I use the mini,,, but I saw how Arey in his vid. just kicked his dolly out the way when doing his floor work. Can't do that with a mini scaffold . Not in a tight spot. Never used a bucket dolly ,,, But I will next week. The mini is great for stilt work.. Everything is right there . radio/cigarettes/redbulls,,,,
oh ,,and the drywall stuff.


----------



## Arey85 (Jan 2, 2010)

arey85 said:


> just get two 18" squares of subfloor and screw them together bolt on some casters from harbor freight and screw an empty pail on top.


----------



## cdwoodcox (Jan 3, 2011)

Arey85 said:


> View attachment 1189


I have one of those I use for pump and mud when boxing.
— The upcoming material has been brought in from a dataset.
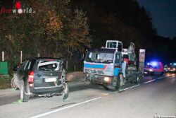 Nach dem Eintreffen am Einsatzort wurde die Unfallstelle abgesichert und beleuchtet. Der Einsatzleiter stellte bei der Erkundung fest, dass es sich nur um Blechschäden handelte und keine Personen verletzt wurden. Nach der Unfallaufnahme durch die Polizei wurde der Pkw von der Firma Prinz abgeholt, die Fahrbahn gereinigt und die Unfallstelle geräumt.
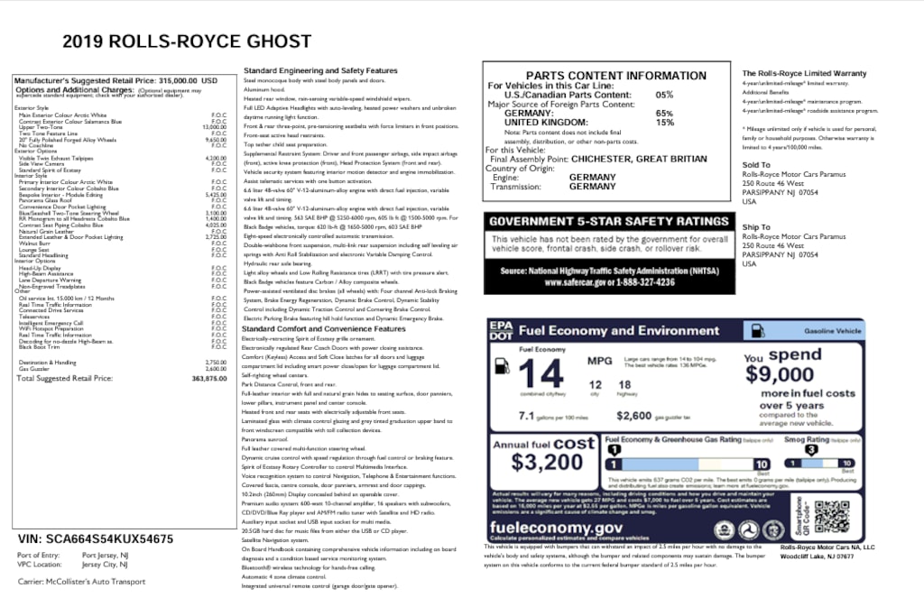 The Ghost features rear-wheel drive and is equipped with an 8-speed automatic transmission, ensuring a smooth and responsive driving experience. Its suspension system is designed to provide exceptional ride comfort, contributing to a serene journey for all occupants. The vehicle's estimated fuel economy is 12 mpg in the city and 18 mpg on the highway.

I also use it when stomping ceilings keeps the mess off the floor from roller.


----------



## guijarrero (Oct 17, 2011)

You can also search the inventors data here (is from 2008)
http://www.google.com/patents/US200...LG6AHM84H4Cg#v=onepage&q=drywall cart&f=false


----------



## moore (Dec 2, 2010)

:d:d:d:d


----------



## DLSdrywall (May 22, 2012)

just hire a helper to fill your hawk and get you coffee and buff your tools lol


----------



## Bazooka-Joe (Dec 31, 2010)

cdwoodcox said:


> why not just buy a mini scaffold they are only about $80.00 at lowes or menards.


DWT Best Answer 100%


----------



## icerock drywall (Nov 13, 2010)

I like it 2


----------



## guijarrero (Oct 17, 2011)




----------



## moore (Dec 2, 2010)

guijarrero said:


> NuWay Tools All-Wall-H.264 LAN copy.mov - YouTube


 https://www.youtube.com/watch?v=exnwe1PFFPE&feature=related:thumbsup:


----------



## guijarrero (Oct 17, 2011)

moore said:


> https://www.youtube.com/watch?v=exnwe1PFFPE&feature=related:thumbsup:


Great for high tech pumpers (expensive though) not for quickfillers 
thanks for data
nice to here about you man
great tool:thumbsup:


----------



## moore (Dec 2, 2010)

Here ya go G... I like it!:thumbup:


----------



## 2buckcanuck (Jul 9, 2010)

moore said:


> Here ya go G... I like it!:thumbup:


LOL:thumbup:
Never even thought about that when I posted the pic.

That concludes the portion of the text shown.